Banyak alasan yang bisa menjadi penyebab perceraian. Dari munculnya orang ketiga, perselingkuhan, hingga berselisih paham berkepanjangan. Namun bolehkah cerai dengan alasan pasangan pinjam pinjol diam-diam?
Hal itu menjadi pertanyaan pembaca detik's Advocate yang dikirim ke e-mail: redaksi@detik.com dan di-cc ke andi.saputra@detik.com Berikut pertanyaan lengkapnya:
Selamat pagi
Saya mau menanyakan perihal peminjaman online.

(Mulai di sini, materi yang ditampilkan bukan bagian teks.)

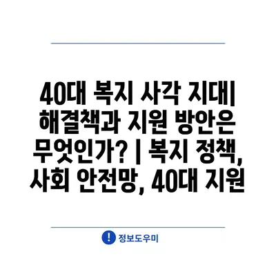 40대 복지 사각 지대| 해결책과 지원 방안은 무엇인가? | 복지 정책, 사회 안전망, 40대 지원
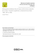 [fr] Troisième supplément des "Bibliographie analytique des principaux phénomènes subjectifs de la vision" par Joseph Plateau et qui englobe les année 1880, 1881 et 1882. Divisé en six sections, chacune étant composé d'une bibliographie d'articles en lien avec la thématique de section et dont l'auteur à apporté un commentaire sur chaque articles.
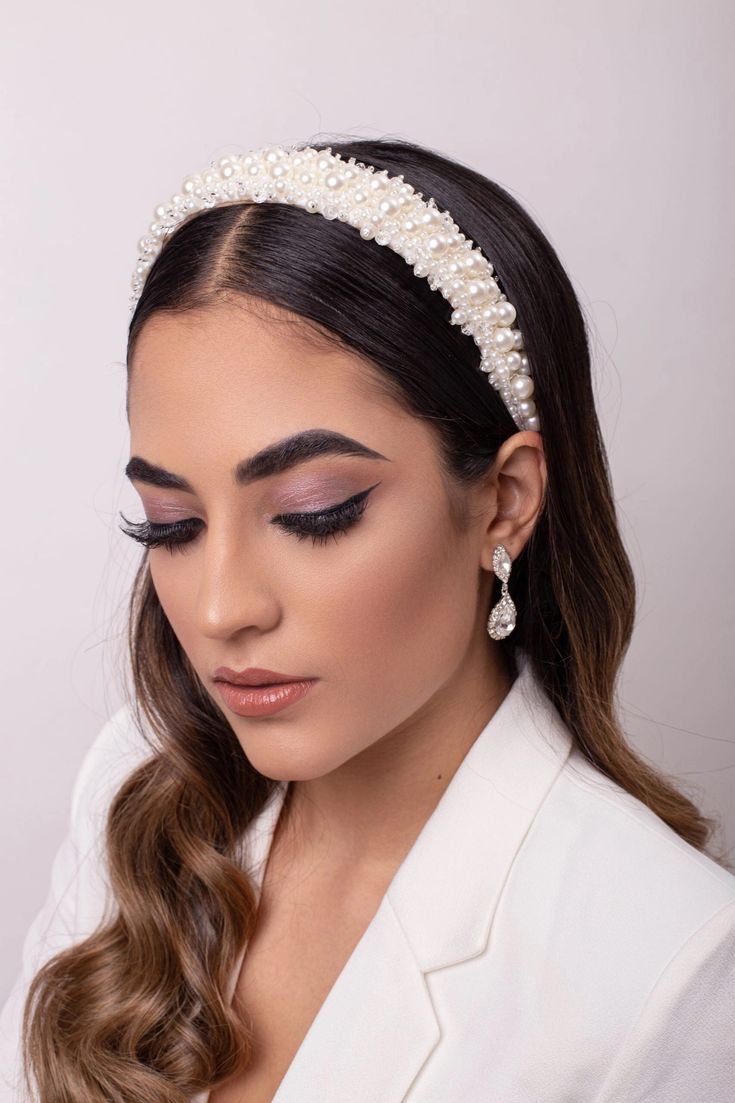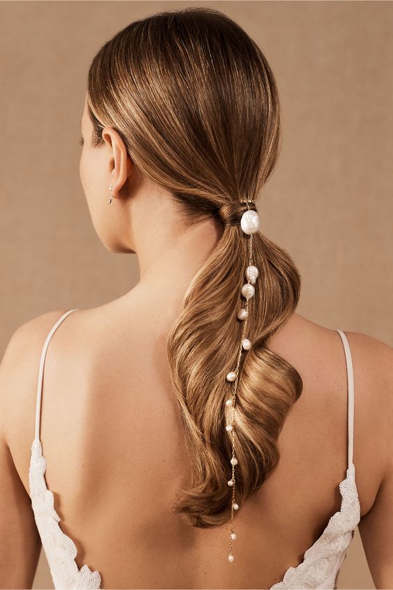 For those with long hair, the pearl-studded headpiece in our second image brings a regal charm that’s fit for a formal or black tie event. It’s a statement piece that transforms long straight or wavy hair into a work of art, with pearls adorning the hair like a crown. The style speaks of luxury and is ideal for an evening or night wedding where opulence is the theme of the night.
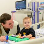 Raquel Sgarbossa, mãe do paciente Vicente Sgarbossa Medeiros. O menino de Ponte Serrada, município de Santa Catarina, foi diagnosticado com miocardiopatia dilatada e realizou o transplante cardíaco no Pequeno Príncipe. A família contou com o atendimento do Serviço de Cardiologia e da UTI da Cardiologia, além do suporte das equipes da psicologia, fisioterapia e do Programa Família Participante.
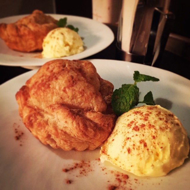 寒い週末ですがあったかくしてお過ごしでしょうか?今年2014年は最後の季節のデザート「アップルパイ(バニラアイス添え)」、年末までロングスパンでお出ししております。えぇ、イマイチパッとしないお天気ではありますが、アップルパイはあつあつでみなさんのご来店お待ちしております。(お)
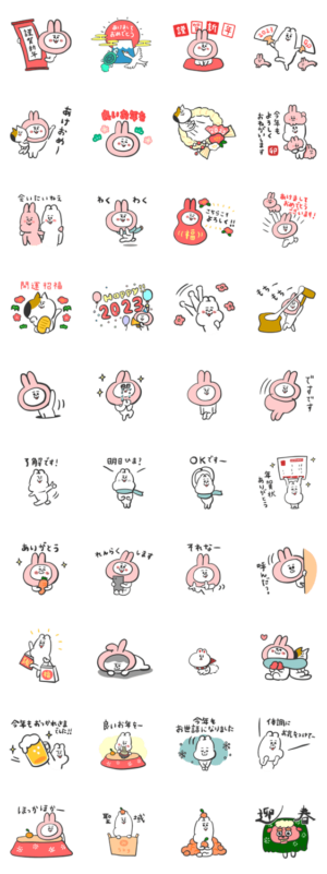 くま吉と新年のごあいさつに使えるお年賀なスタンプ。2023年度・卯年版です!※2023/1/3(火)23:59までに購入すると特典「LINEおみくじ」がもらえます。

Apakah saya sebagai suami harus menanggung peminjaman online yang dilakukan istri saya? Bagaimana jika saya menceraikan istri saya? Apakah pertanggungan peminjaman online tersebut masih menjadi tanggungan saya?
Saya tidak mengadakan perjanjian harta bersama. Dan apakah saya bisa menceraikan istri saya dan memiliki hak asuh anak saya jika peminjaman online sebagai bukti perceraian?
Kami menikah dengan agama Islam. Pinjaman belum membengkak karena saya baru mengetahuinya.
Terima kasih
Untuk menjawab masalah di atas, tim detik's Advocate meminta pendapat hukum dari Slamet Yuono, SH, MH (partner pada Kantor Hukum 99 & Rekan). Berikut jawaban lengkapnya:
Sebelumnya, kami mengucapkan terima kasih atas pertanyaan yang Saudara sampaikan kepada detik's Advocate. Berdasarkan uraian yang Saudara sampaikan, ada 2 (dua) pertanyaan pokok yang Saudara sampaikan, yakni:
1. Bagaimana jika saya menceraikan istri saya, apakah pertanggungan peminjaman online tersebut masih menjadi tanggungan saya?
2. Apakah saya bisa menceraikan istri saya dan memiliki hak asuh anak?
Sebelum menjawab pertanyaan Saudara, perlu kami sampaikan, terkait dengan pinjaman online, kami memperhatikan banyak sekali korban dari penagihan yang tidak manusiawi, mulai akses kontak di HP, galeri foto, membuat grup WhatsApp untuk menagih, mempermalukan sebagai maling, pengedar narkoba, dan cara-cara lain yang jelas pertentangan dengan hukum. Akibat dari penagihan tersebut di atas, beberapa korban dipecat dari tempat kerja, bercerai, berniat menjual ginjal, hampir bunuh diri, dan ada korban yang bunuh diri.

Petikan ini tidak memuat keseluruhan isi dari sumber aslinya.